What to work on: Starting with the first line below, extract each line through the one that contains "Cheatgrass seeds with", inclusive, excluding pictures.

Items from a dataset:
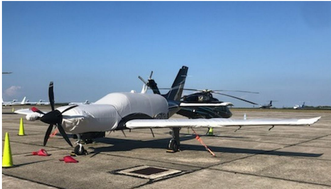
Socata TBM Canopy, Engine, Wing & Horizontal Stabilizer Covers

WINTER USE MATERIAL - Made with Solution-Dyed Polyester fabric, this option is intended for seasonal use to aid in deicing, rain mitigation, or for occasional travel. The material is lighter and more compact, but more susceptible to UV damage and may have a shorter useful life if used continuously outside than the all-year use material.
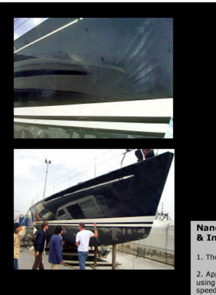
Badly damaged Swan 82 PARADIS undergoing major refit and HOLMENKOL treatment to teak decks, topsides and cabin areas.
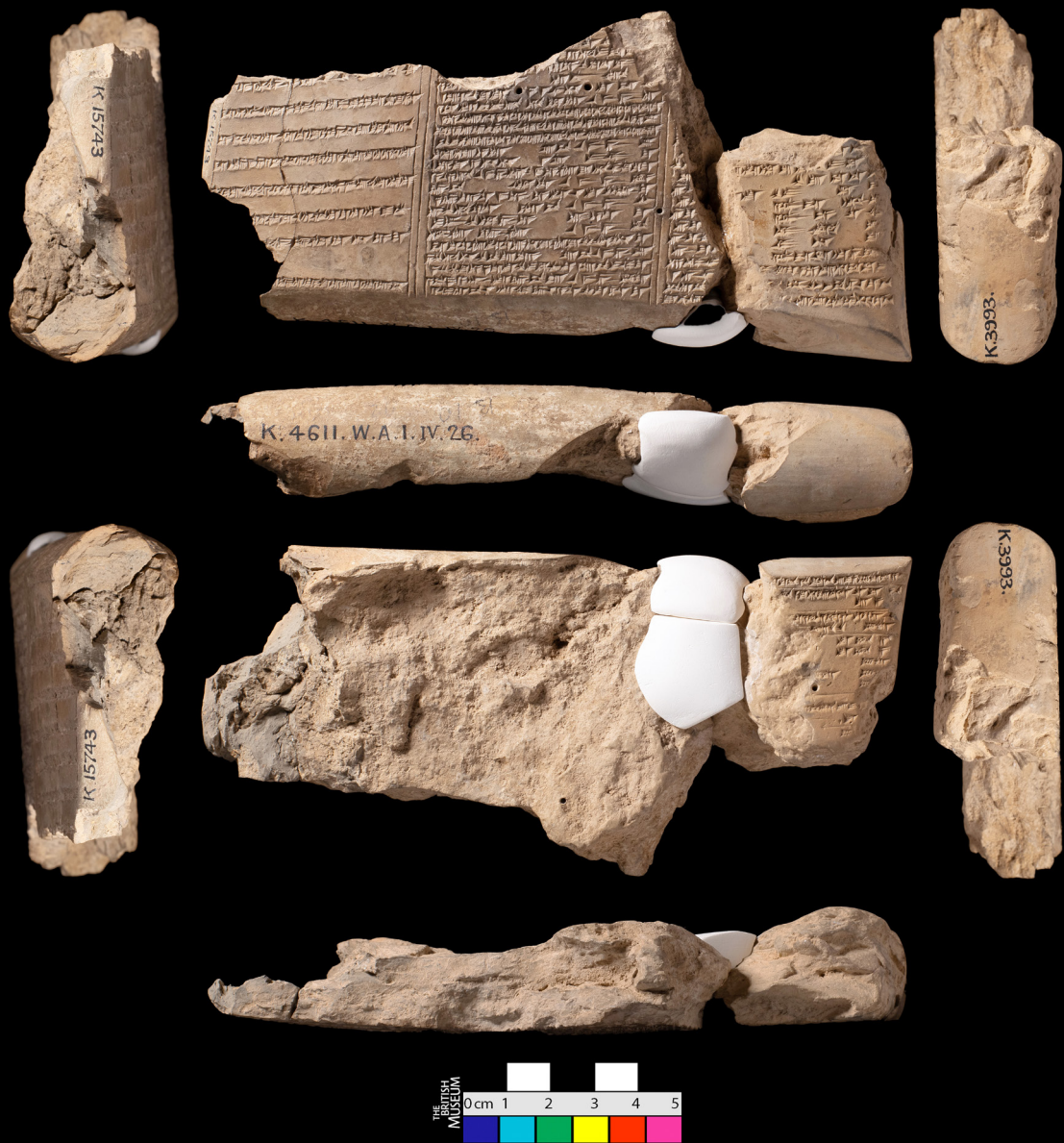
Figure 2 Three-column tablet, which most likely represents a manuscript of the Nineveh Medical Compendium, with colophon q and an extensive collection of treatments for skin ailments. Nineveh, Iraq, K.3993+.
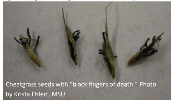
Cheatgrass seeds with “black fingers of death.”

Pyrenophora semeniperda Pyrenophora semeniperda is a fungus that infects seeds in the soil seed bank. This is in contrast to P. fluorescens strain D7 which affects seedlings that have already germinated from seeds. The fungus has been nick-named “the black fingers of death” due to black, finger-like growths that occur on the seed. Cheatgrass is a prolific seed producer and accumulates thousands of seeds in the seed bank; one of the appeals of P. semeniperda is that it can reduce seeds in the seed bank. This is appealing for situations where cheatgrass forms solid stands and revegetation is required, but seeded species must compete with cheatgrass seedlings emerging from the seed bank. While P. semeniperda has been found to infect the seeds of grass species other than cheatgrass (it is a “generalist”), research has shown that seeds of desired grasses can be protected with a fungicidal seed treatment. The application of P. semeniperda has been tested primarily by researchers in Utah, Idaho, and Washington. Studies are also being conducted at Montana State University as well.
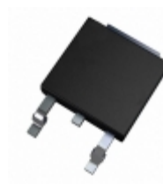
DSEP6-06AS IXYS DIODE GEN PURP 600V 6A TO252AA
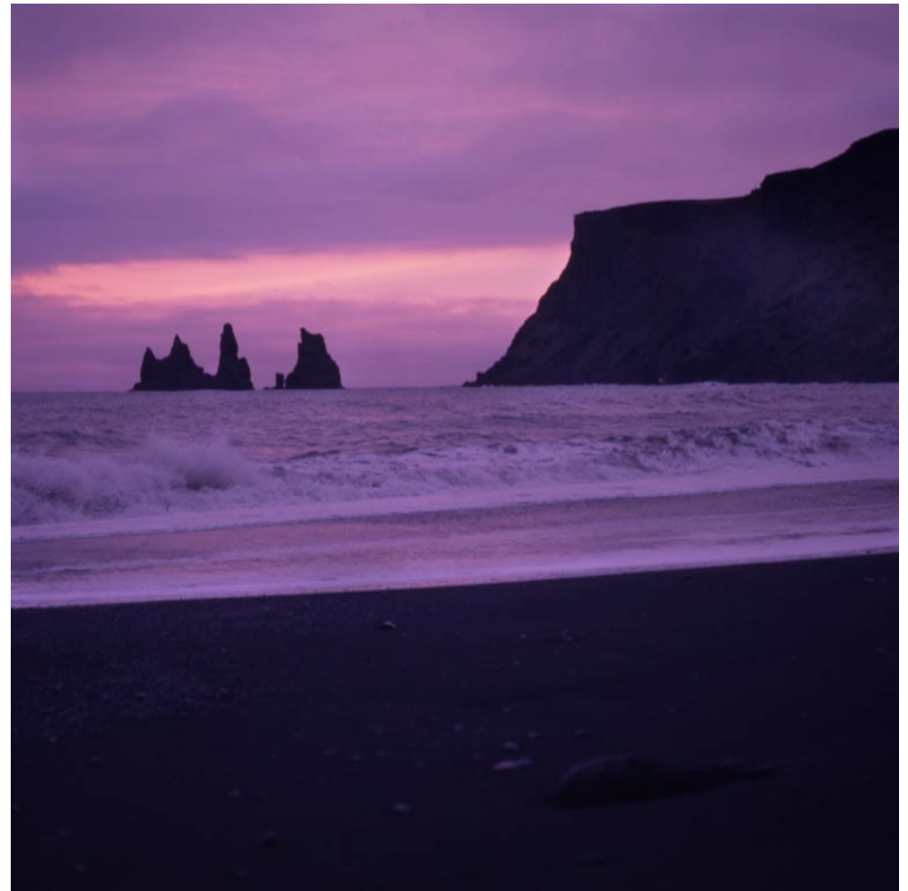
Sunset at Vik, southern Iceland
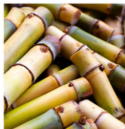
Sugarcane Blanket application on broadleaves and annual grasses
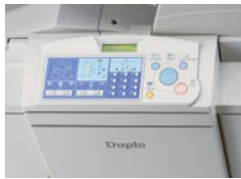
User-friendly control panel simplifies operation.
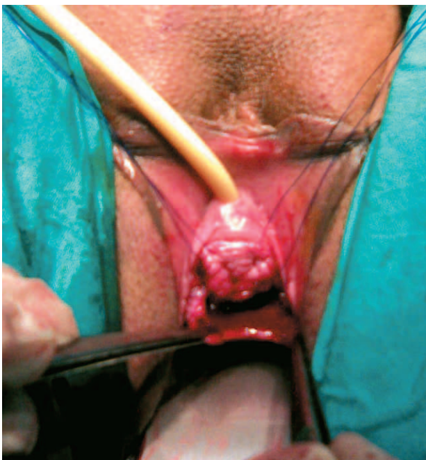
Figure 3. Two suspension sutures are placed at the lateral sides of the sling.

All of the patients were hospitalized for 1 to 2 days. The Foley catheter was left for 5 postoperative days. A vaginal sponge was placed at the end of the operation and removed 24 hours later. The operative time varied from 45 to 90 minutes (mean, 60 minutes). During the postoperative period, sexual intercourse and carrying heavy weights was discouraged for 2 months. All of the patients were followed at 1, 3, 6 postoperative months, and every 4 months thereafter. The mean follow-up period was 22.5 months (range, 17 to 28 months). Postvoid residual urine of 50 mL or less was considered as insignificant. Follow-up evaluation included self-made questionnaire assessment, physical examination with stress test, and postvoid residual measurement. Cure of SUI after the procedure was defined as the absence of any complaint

Exercise solution:
Socata TBM Canopy, Engine, Wing & Horizontal Stabilizer Covers

WINTER USE MATERIAL - Made with Solution-Dyed Polyester fabric, this option is intended for seasonal use to aid in deicing, rain mitigation, or for occasional travel. The material is lighter and more compact, but more susceptible to UV damage and may have a shorter useful life if used continuously outside than the all-year use material.
Badly damaged Swan 82 PARADIS undergoing major refit and HOLMENKOL treatment to teak decks, topsides and cabin areas.
Figure 2 Three-column tablet, which most likely represents a manuscript of the Nineveh Medical Compendium, with colophon q and an extensive collection of treatments for skin ailments. Nineveh, Iraq, K.3993+.
Cheatgrass seeds with “black fingers of death.”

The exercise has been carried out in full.